Genomic Data Commons (GDC) Whole Genome Somatic Single Sample Overview
9/12/2014
We are deprecating the Genomic Data Commons Whole Genome Somatic Single Sample Pipeline. Although the code will continue to be available, we are no longer supporting it.
Pipeline Version | Date Updated | Documentation Author | Questions or Feedback |
---|---|---|---|
GDCWholeGenomeSomaticSingleSample_v1.3.1 | January, 2024 | Elizabeth Kiernan | Please file an issue in WARP. |
Introduction to the GDC Whole Genome Somatic Single Sample pipeline
The GDC Whole Genome Somatic Single Sample (abbreviated GDC here) pipeline is the alignment and preprocessing workflow for genomic data designed for the National Cancer Institute's Genomic Data Commons.
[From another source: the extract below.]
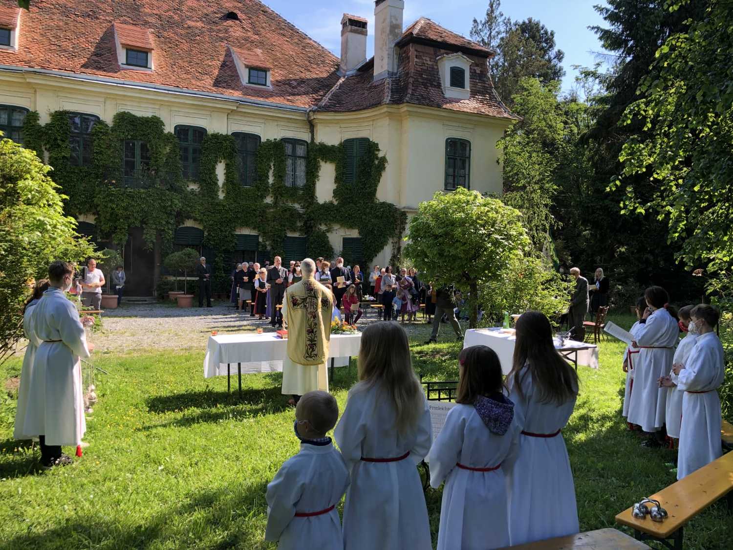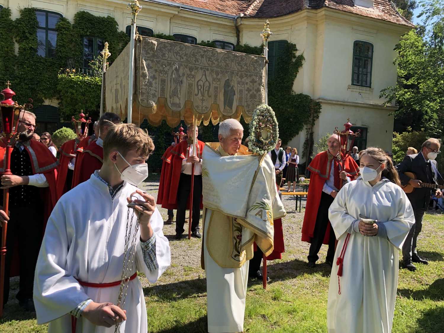 Die Natur zeigte sich von ihrer schönsten Seite, als wir im Hof des Schlosses Thinnfeld das Fronleichnamsfest feierten. Dabei wurden der restaurierte "Himmel" und die Laternen gesegnet.

A high-level overview of the pipeline in addition to tool parameters are available on the GDC Documentation site.
Overall, the pipeline converts reads (CRAM or BAM) to FASTQ and (re)aligns them to the latest human reference genome (see the GDC Reference Genome section below). Each read group is aligned separately. Read group alignments that belong to a single sample are then merged and duplicate reads are flagged for downstream variant calling.
Set-up
Workflow installation and requirements
The workflow is written in the Workflow Description Language WDL and can be downloaded by cloning the warp repository in GitHub. The workflow can be deployed using Cromwell, a GA4GH compliant, flexible workflow management system that supports multiple computing platforms.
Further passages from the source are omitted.